In this paper, we proposed a new method to address the imbalance issue in incremental learning, which is critical when the number of classes becomes large. Firstly, we validated our hypothesis that the classifier layer (the last fully connected layer) has a strong bias towards the new classes, which has substantially more training data than the old classes. Secondly, we found that this bias can be effectively corrected by applying a linear model with a small validation set. Our method has excellent results on two large datasets with 1,000+ classes (ImageNet ILSVRC 2012 and MS-Celeb-1M), outperforming the state-of-the-art by a large margin (11.1% on ImageNet ILSVRC 2012 and 13.2% on MS-Celeb-1M).

Environment Setup

Words before the code: most codes and experiments are finished in late 2017 and earlier 2018. It is hard to retrieve exact the same environment for experiments, which I remember that the system was in Ubuntu 14. CUDA and tensorflow are all with earlier versions. I re-installed the system several times last year (2018) because some conficts in setting up environment for pytorch, which was original fit for caffe and tensorflow. And also, I upgraded the system form Ubuntu 14 to Ubuntu 16.

The resnet implementation is the official tensorflow official models at:

https://github.com/tensorflow/models

In the latest repo, the most similar implementaion is:

https://github.com/tensorflow/models/blob/master/official/r1/resnet/imagenet_main.py

Unfortunately, we were not able to run our code with the latest tensorflow-2.0 or tensorflow-1.14.

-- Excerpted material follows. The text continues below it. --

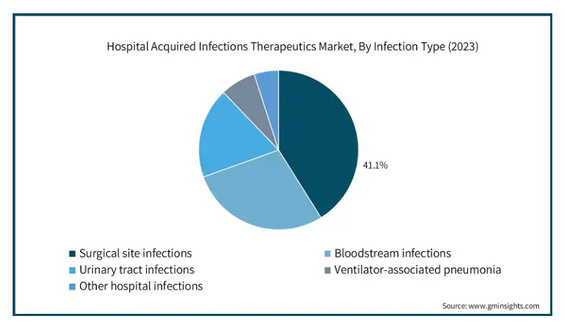 病院内で発症する感染症を治療する薬剤の院内感染治療薬市場は、手術部位感染、血流感染、尿路感染、人工呼吸器誘発性肺炎など、感染症の種類別に細分化されています。2023年の推定売上高は52億アメリカで、手術部位感染症が主要セグメント。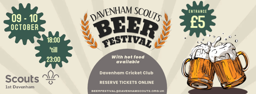 If you’re interested in sponsoring the event, please contact us online or email beerfestival@davenhamscouts.org.uk.

We understand that how important it is to reproduce the results of published papers. I find a compatible tensorflow-1.5 version that is able to run the code with my current CUDA settings. To not mess up with my current software enviroment for pytorch mostly, I use the virtualenv to set up a seperate environment for experiments. The dependency of the code is lite and should be able work in most cases if you get the tensorflow version set up correctly. I summarize my current environment for reference.

System Information
Distributor ID: Ubuntu
Description: Ubuntu 16.04.3 LTS
Release: 16.04
Codename: xenial

CUDA version: 9.0
CUDNN version: 7.0.5
GPU: TITAN X (Pascal) 12GB

Python version: 3.5.2
Environemnt is setup using virtualenv.

virtualenv venv
pip install scipy
pip install tensorflow-gpu==1.5

To activate the environment:

source venv/bin/activate

To run the code

Dataset:
We mainly clean the code for ImageNet dataset and leave the other two datasets (CIFAR and MS-Celeb-1M) in future work.

Data preparation:
We have put essential files in the repo so that what you need to do is to download the ImageNet-1000 images. For the images, we used the ILSVRC2016_CLS-LOC.tar.gz file, which should be kept unchanged since 2012.
Some links to handle the 50K validation images to split validation images in class folders.

https://github.com/facebook/fb.resnet.torch/blob/master/INSTALL.md#download-the-imagenet-dataset

After downloading and processing, the structure in the data forlder (dataImageNet100 and dataImageNet1000) should be like:

|--train
|  |--n01440764
|  |--n01443537
|  |.......
|--train.txt
|--val
|  |--n01440764
|  |--n01443537
|  |.......
|--val.txt

Experiments run command:

CUDA_VISIBLE_DEVICES=0 python imagenet_main.py 1>log 2>&1

Results

We run the code once and report the result here. Top-5 accuracy is reported on ImageNet dataset. We observe similar results on ImageNet-100 form this repo with new environment and what we reported in paper. On ImageNet-1000, we notice some performance drop in several first increments but the final results are even better than what we reported in our paper, which might be caused by different operation systems and software environments.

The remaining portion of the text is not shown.